Issue loading HTML Table into R

I want to load the table at the bottom of the following webpage into R, either as a dataframe or table: https://www.lawschooldata.org/school/Yale%20University/18. My first instinct was to use the readHTMLTable function in the XML package
library(XML)
url <- "https://www.lawschooldata.org/school/Yale%20University/18"
##warning message after next line
table <- readHTMLTable(url)
table
However, this returns an empty list and gives me the following warning:
Warning message:XML content does not seem to be XML: ''
I also tried adapting code I found here Scraping html tables into R data frames using the XML package. This worked for 5 of the 6 tables on the page, but just returned the header row and one row with values from the header row for the 6th table, which is the one I am interested in. Code below:
library(XML)
library(RCurl)
library(rlist)
theurl <- getURL("https://www.lawschooldata.org/school/Yale%20University/18",.opts = list(ssl.verifypeer = FALSE) )
tables <- readHTMLTable(theurl)
##generates a list of the 6 tables on the page
tables <- list.clean(tables, fun = is.null, recursive = FALSE)

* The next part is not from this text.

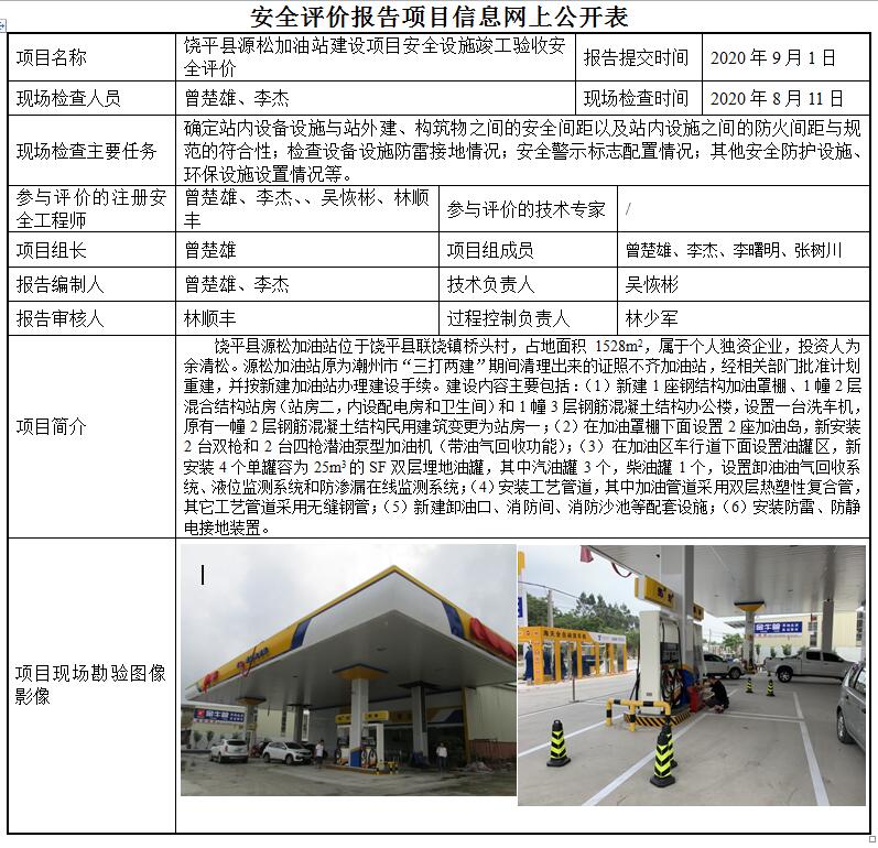 饶平县源松加油站建设项目安全设施竣工验收安全评价

##takes the 6th table, which is the one I am interested in
applicanttable <- tables[[6]]
##the problem is that this 6th table returns just the header row and one row of values
##equal to those the header row
head(applicanttable)
Any insights would be greatly appreciated! For reference, I have also consulted the following posts that appear to have similar goals, but could not find a solution there:
Scraping html tables into R data frames using the XML package
Extracting html table from a website in R
The data is dynamically pulled from a nested JavaScript array, within a script tag when JavaScript runs in the browser. This doesn't happen when you use rvest to retrieve the non-rendered content (as seen in view-source).
You can regex out the appropriate nested array and then re-construct the table by splitting out the rows, adding the appropriate headers and performing some data manipulations on various columns e.g. some columns contain html which needs to be parsed to obtain the desired value.

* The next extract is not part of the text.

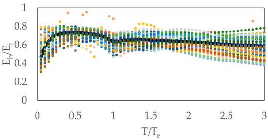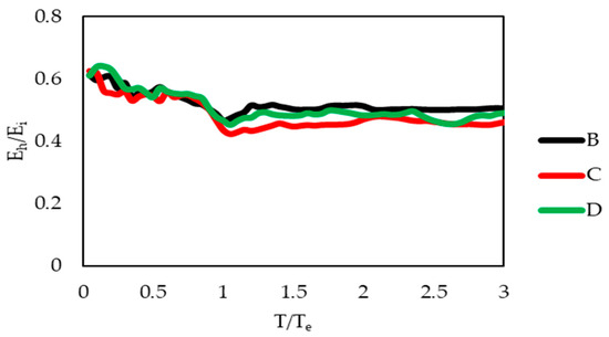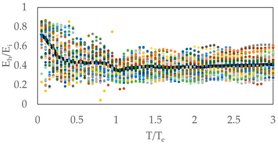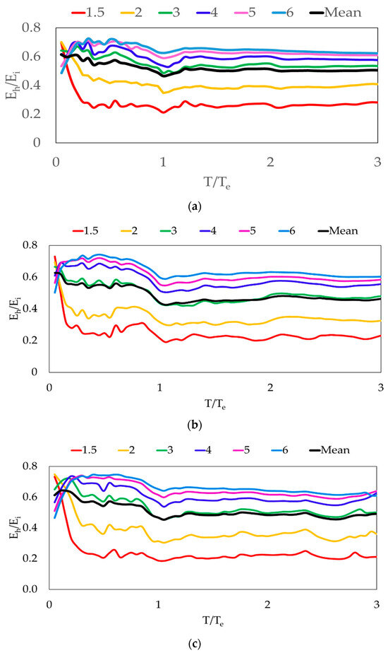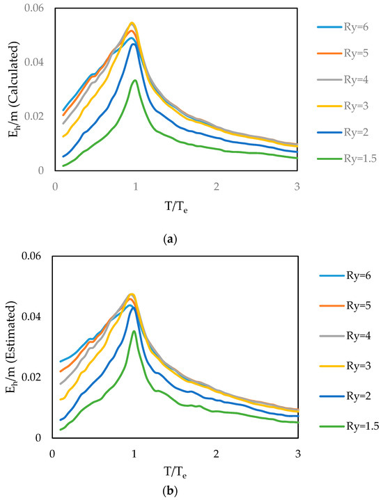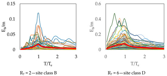 Figure 3, Figure 4 and Figure 5 show that the normalized energy–normalized period relationship has a lower dispersion. Figure 6 shows the mean hysteretic energy ratio of each site class.
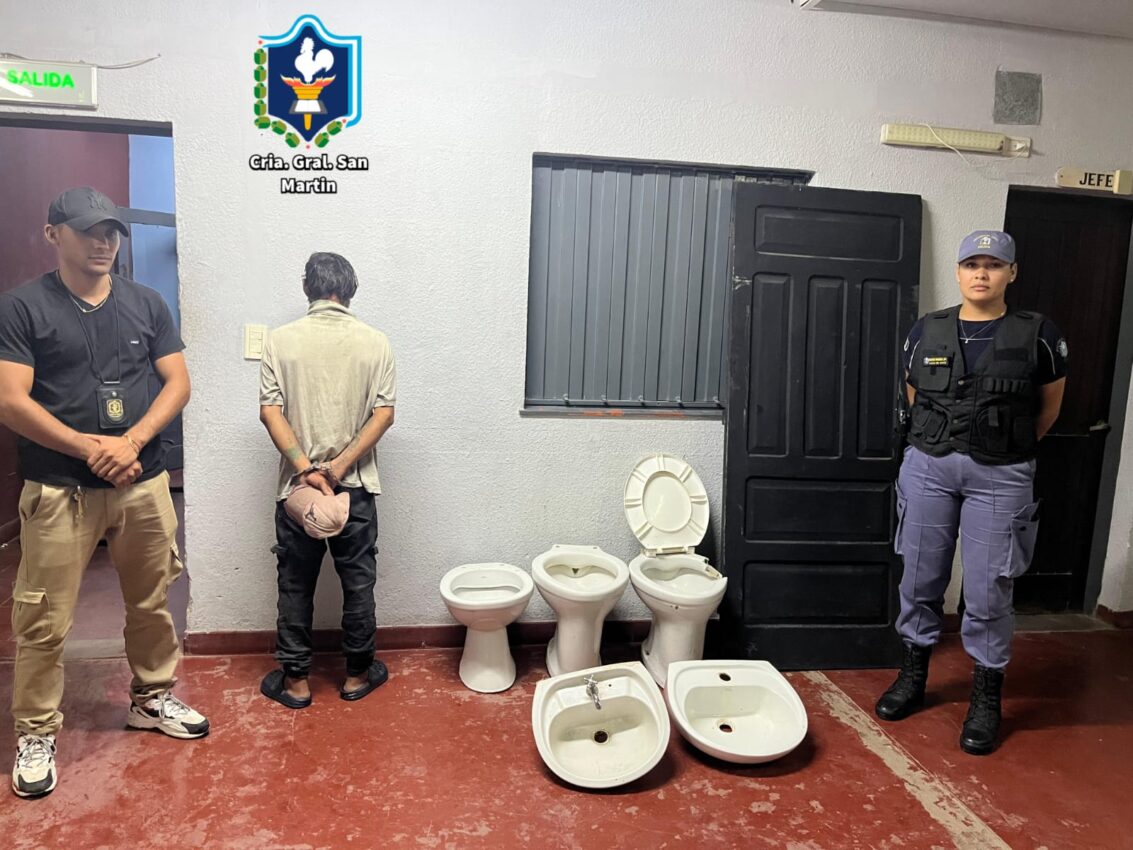Ante esta situación procedieron al secuestro de tres inodoros y dos lavatorios, el hombre de 31 años fue conducido a la dependencia policial.

As some columns e.g. Name contain values which could be interpreted as file paths , when using read_html, I use htmltidy to ensure handling as valid html.
N.B. If you use RSelenium then the page will render and you can just grab the table direct without reconstructing it.
TODO:
There are still some data type manipulations you could choose to apply to a few columns.
There is some more logic to be applied to ensure only Name is returned in Name column. Take the case of df$Name[10], this returns "Character and fitness issues" instead of Anxiousboy, due to the required value actually sitting in element.nextSibling.nextSibling of the p tag which is actually selected. These, infrequent, edge cases, need some additional logic built in. In this case, you might test for a particular string being returned then resort to re-parsing with an xpath expression.
R:
library(rvest)
#> Loading required package: xml2
#> Warning: package 'xml2' was built under R version 4.0.3
library(stringr)
library(htmltidy)
#> Warning: package 'htmltidy' was built under R version 4.0.3
library(dplyr)
#>
#> Attaching package: 'dplyr'
#> The following objects are masked from 'package:stats':
#>
#> filter, lag
#> The following objects are masked from 'package:base':
#>
#> intersect, setdiff, setequal, union
get_value <- function(input) {
value <- tidy_html(input) %>%
read_html() %>%
html_node("a, p, span") %>%
html_text(trim = T)
result <- ifelse(is.na(value), input, value)
return(result)
}
tidy_result <- function(result) {
return(gsub("<.*", "", result))
}
page <- read_html("https://www.lawschooldata.org/school/Yale%20University/18")
s <- page %>% toString()
headers <- page %>%
html_nodes("#applicants-table th") %>%
html_text(trim = T)
s <- stringr::str_extract(s, regex("DataTable\\(\\{\n\\s+data:(.*\\n\\]\\n\\])", dotall = T)) %>%
gsub("\n", "", .)
rows <- stringr::str_extract_all(s, regex("(\\[.*?\\])", dotall = T))[[1]] %>% as.list()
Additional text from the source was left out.